- Transformation investment of £2.9bn over three years, from £9.2bn potential pot
- NAO has criticised national leaders for failing to achieve “fundamental transformation”
- Full list of funding distributed to each health system
Less than a third of the £9.2bn pot earmarked to potentially be used for “transformation” over the last three years has been used for that purpose – with more than half England’s health systems receiving under £25m.
Financial data obtained by HSJ reveals around £2.9bn has been distributed to local health systems from the nationally held fund since the start of 2017-18.
It also reveals the distribution — including that Greater Manchester received £313m transformation funding, while more than half of “sustainability and transformation partnerships” got less than £25m (see details below).
When the total funding pot was set up in 2016, and badged as the “sustainability and transformation fund”, NHS regulators expected the provider sector to reach financial balance by the end of the financial year 2016-17. This would enable more of the £9.5bn to be released, although the expected proportions were not specified.
A policy paper from NHS England at the time said: “We intend that over the five year period the split between sustainability and transformation requirements for local health economies will change. As the provider sector comes back into underlying balance under NHS Improvement’s supervision, the share of the funding available for transformation and new policy commitments will increase in subsequent years.”
But providers have reported a combined deficit of between £500m and £1bn in each year since then, with the underlying position estimated to be far worse, which has limited the amount available for transforming services. The proportion of “transformation” funding has increased marginally, however.
Transformation investment is usually required to test and design new care models that could save the NHS money in the longer term. One example could be investment in multidisciplinary community teams focussed on early intervention and preventing hospital admissions. Other national transformation schemes include reforming cancer care, for example.
In February, the National Audit Office said the NHS was treating more patients but has “not yet achieved the fundamental transformation in services and finance regime needed to meet rising demand”. It said years of short term financial fixes have resulted in resources being “moved away from areas of investment in the future”.
HSJ obtained the data from NHS England via a freedom of information request. NHS England and NHS Improvement did not respond to a request for comment.
Siva Anandaciva, chief analyst at the King’s Fund think tank, said: “It is hard to separate out the money that is used for ‘transformation’ in the NHS, but where nominal transformation budgets can be identified, it does absolutely seem like the NHS has underinvested in long-term transformation funding in order to prioritise annual day-to-day spending in recent years.
“The strategy of reprioritising spending towards day-to-day running costs was entirely understandable in the short-term as financial pressures were far worse than planned.
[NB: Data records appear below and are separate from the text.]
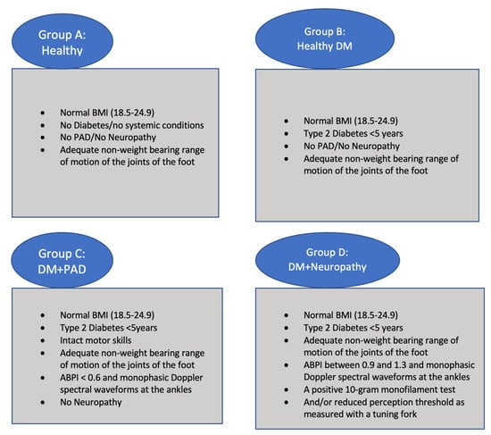 Inclusion criteria for the 4 groups of recruited participants are listed in Figure 1. Adults aged between 40 and 80 years were invited. Exclusion criteria for all groups included a history of alcohol abuse; history of /or current foot ulceration; history of lower extremity surgery, including hip, knee, ankle or foot, or severely pronated/supinated feet; leg length discrepancy; foot pain and deformities; use of walking aids; problems of cooperation, including eyes or cognitive disorders; and other significant medical co-morbidities.
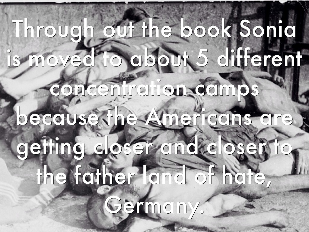 Through out the book Sonia is moved to about 5 different concentration camps because the Americans are getting closer and closer to the father land of hate, Germany.
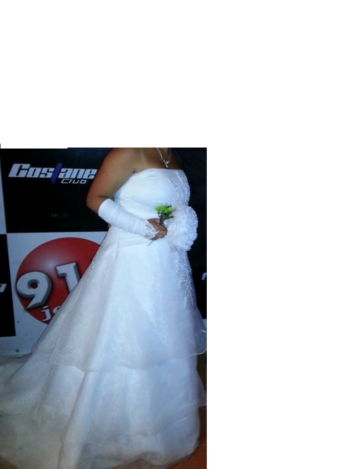 vestido de la casa blanca un solo uso, en excelente estado, color blanco, talla del vestido 38… incluye de regalo guantes (valor de compra $10.000) y adorno para el cabello (valor de compra $5000)
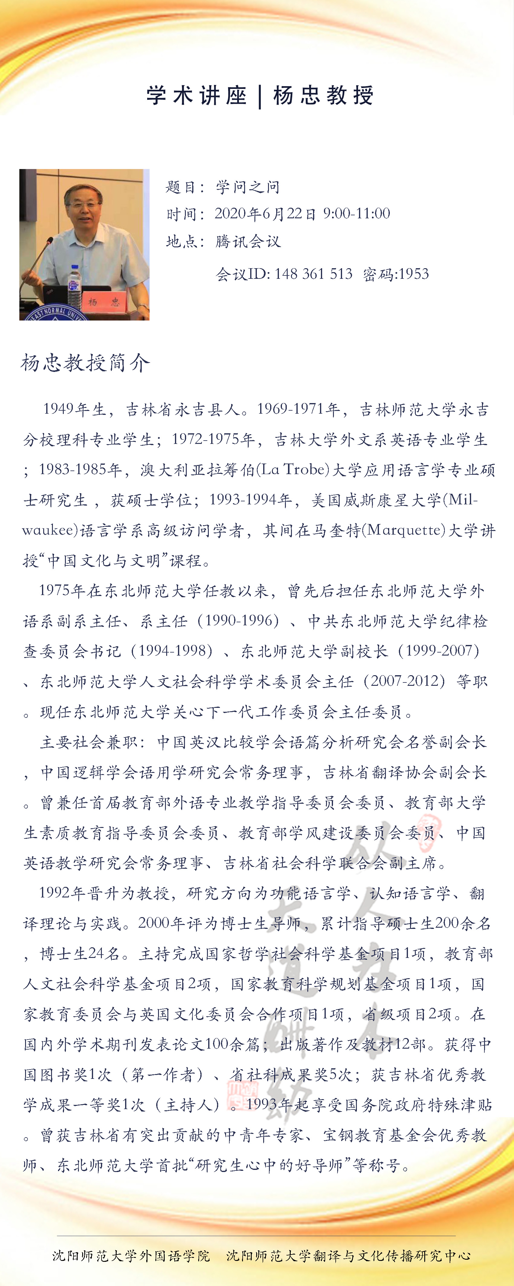 6月22日,云顶7610线路检测邀请东北师范大学杨忠教授主讲的“学问之问”专题学术报告以腾讯会议的形式成功举办。公司教师、研究生以及其他高校教师和研究生近200人参与了本次学术讲座。

But the long-term consequences of the approach mean that the vision set out by the Five Year Forward View, which aimed to move increasing amounts of funding away from sustainability towards transformation over time, has not been fully achieved.
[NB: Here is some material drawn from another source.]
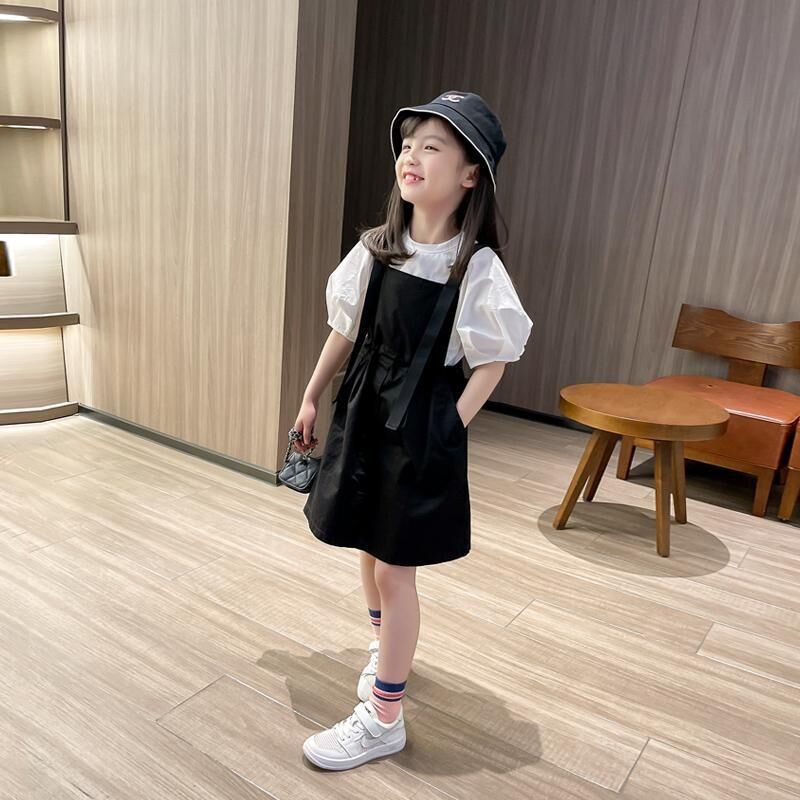 2022新款儿童洋气夏季网红中大童薄款韩版背带裙套装
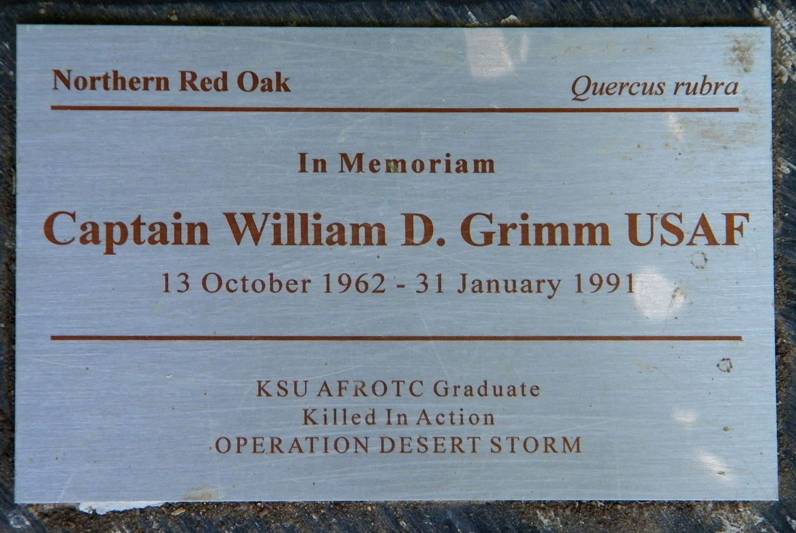 It consists of a memorial oak tree and plaque. It was dedicated in 1991 as a memorial to Capt. William D. Grimm, a member of the U.S. Air Force who was killed in action during Operation Desert Storm. Grimm graduated from the university in 1986 and is the only graduate killed during the war.

“The NHS is treating more patients but has not yet fundamentally transformed services in the way that is needed.”
While one region, Greater Manchester, has received a so-called “fair share” worth more than £300m over the three years, which was part of a unique devolution deal in which it was allocated £450m over five years. Around half of the health systems in England received less than £25m over the same period.
Distribution of transformation funding since the start of 2017-18
|STP||Three year total (£m)||Per head of population (£)|
|Suffolk and North East Essex||65||64|
|South Yorkshire and Bassetlaw||83||53|
|Lancashire and South Cumbria||84||47|
|The Black Country||67||46|
|North Central London||66||40|
|North East and Cumbria||128||40|
|Milton Keynes, Bedfordshire and Luton||40||40|
|Coventry and Warwickshire||39||39|
|Bath, Swindon and Wiltshire||37||39|
|Cheshire and Merseyside||101||38|
|Bristol, North Somerset, South Gloucestershire||37||37|
|Coast, Humber and Vale||52||37|
|Buckinghamshire, Oxfordshire and Berkshire West||66||35|
|Hertfordshire and West Essex||55||35|
|South West London||59||35|
|Birmingham and Solihull||45||34|
|Kent and Medway||62||33|
|Hampshire and the Isle of Wight||58||31|
|Leicester, Leicestershire and Rutland||35||31|
|Cambridgeshire and Peterborough||30||30|
|Norfolk and Waveney||31||30|
|Sussex and East Surrey||54||27|
|South East London||54||27|
|Cornwall and the Isles of Scilly||16||27|
|Shropshire and Telford and Wrekin||13||27|
|Mid and South Essex||33||27|
|Herefordshire and Worcestershire||21||26|
|North West London||52||21|
|North East London||38||17|
Three year total figures include actual distribution for 2017-18 and 2018-19, and projected distribution for 2019-20 based on actual figures at month eight.